Welcome to the blog of fiction writer David Yost. Judging from Google, I’m probably the world’s fifth-most famous David Yost, my four predecessors being:

4. This Naval Postgraduate School professor who, according to JSTOR, writes an article about NATO every other week:

3. Ohio’s new Auditor of State:

2. University of Missouri’s Offensive Coordinator:

1. And this guy, who’s been the bane of my name for so long that I even wrote a story about it.

I’m not any of those guys.


3 responses to this post.

  1. Posted by LeeAnne Sanders on April 4, 2011 at 7:41 PM

    I’d think you were a lot cooler if you had hair like the Offensive Coordinator Dave Yost.


  2. Posted by g c cunningham on April 25, 2012 at 6:56 PM

    I almost thought you were an actor/lit writer like James Franco.
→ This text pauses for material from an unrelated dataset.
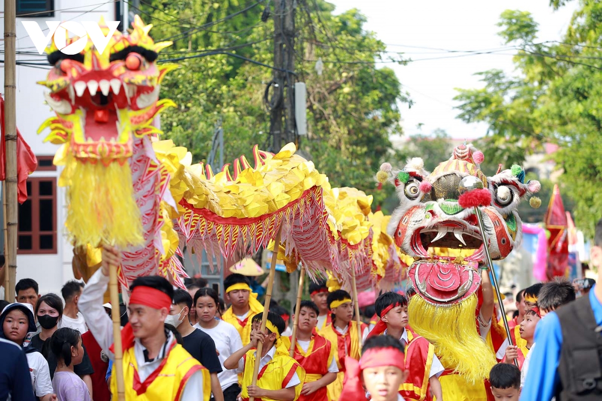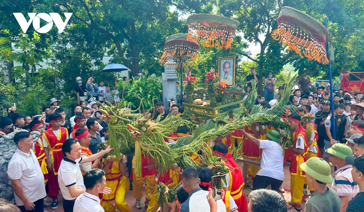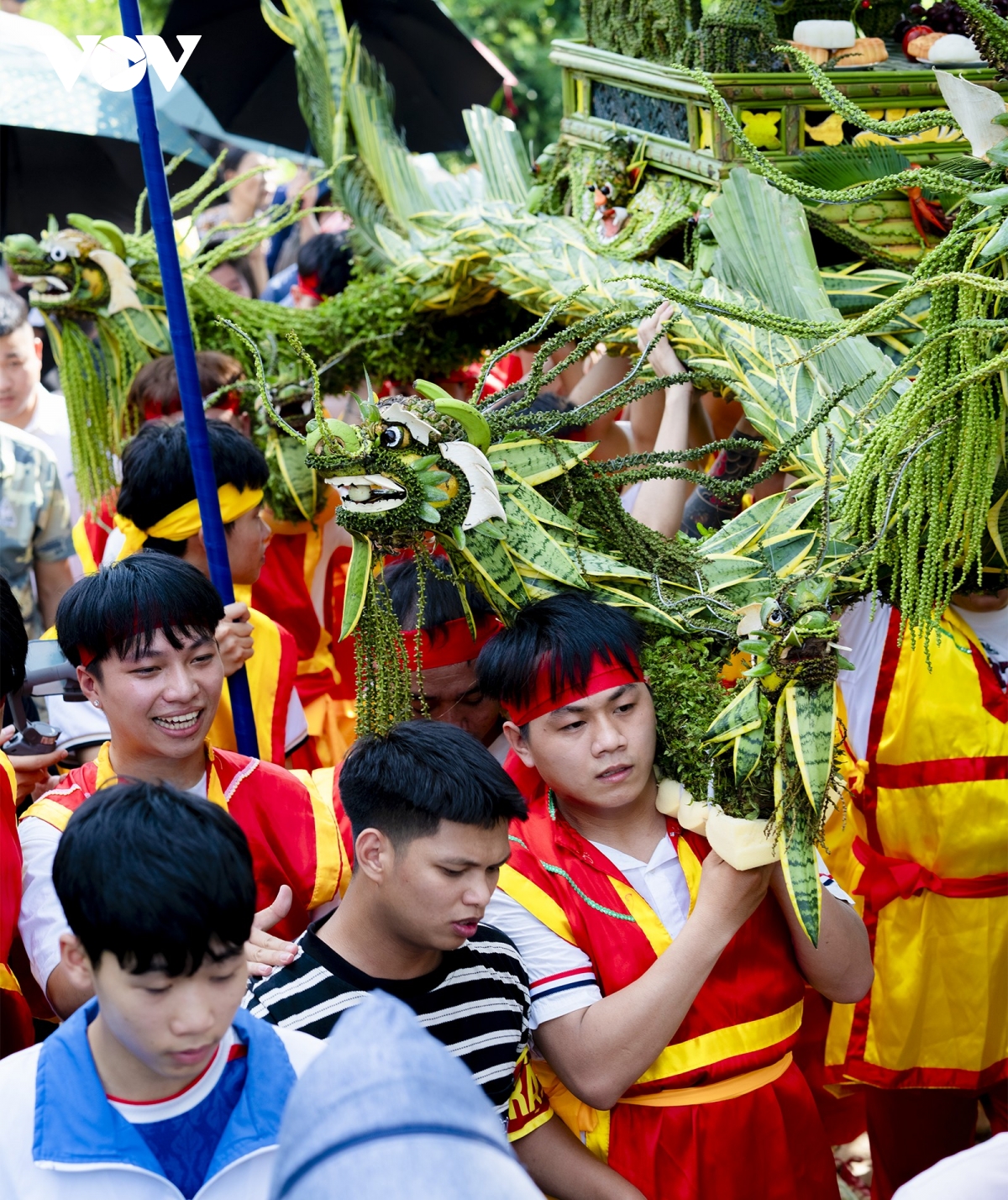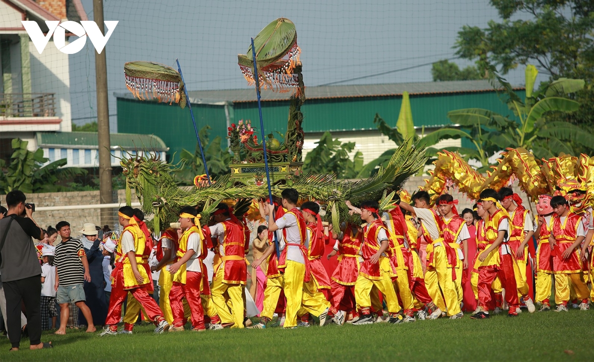 Kiệu rồng được rước đến sân vận động đầu xóm, để người dân khắp nơi cùng tham gia và hòa chung không khí lễ hội.

Were you in a McSweeney’s or a Best Am. Short Stories? That’s where I thought I’d seen the name. Just read “Leaving Htee Wah Doh” which is wonderful. Merely the people’s names have a way of transporting the reader to another time and place.


  3. Thanks, G.C. I haven’t cracked Best American Short Stories yet, but like every year, I’ve got a good feeling that this will be the year. My fiction’s been around elsewhere, though–you might check out my story “Patrol” in the new Ploughshares for a companion piece to “Leaving Htee Wah Doh”.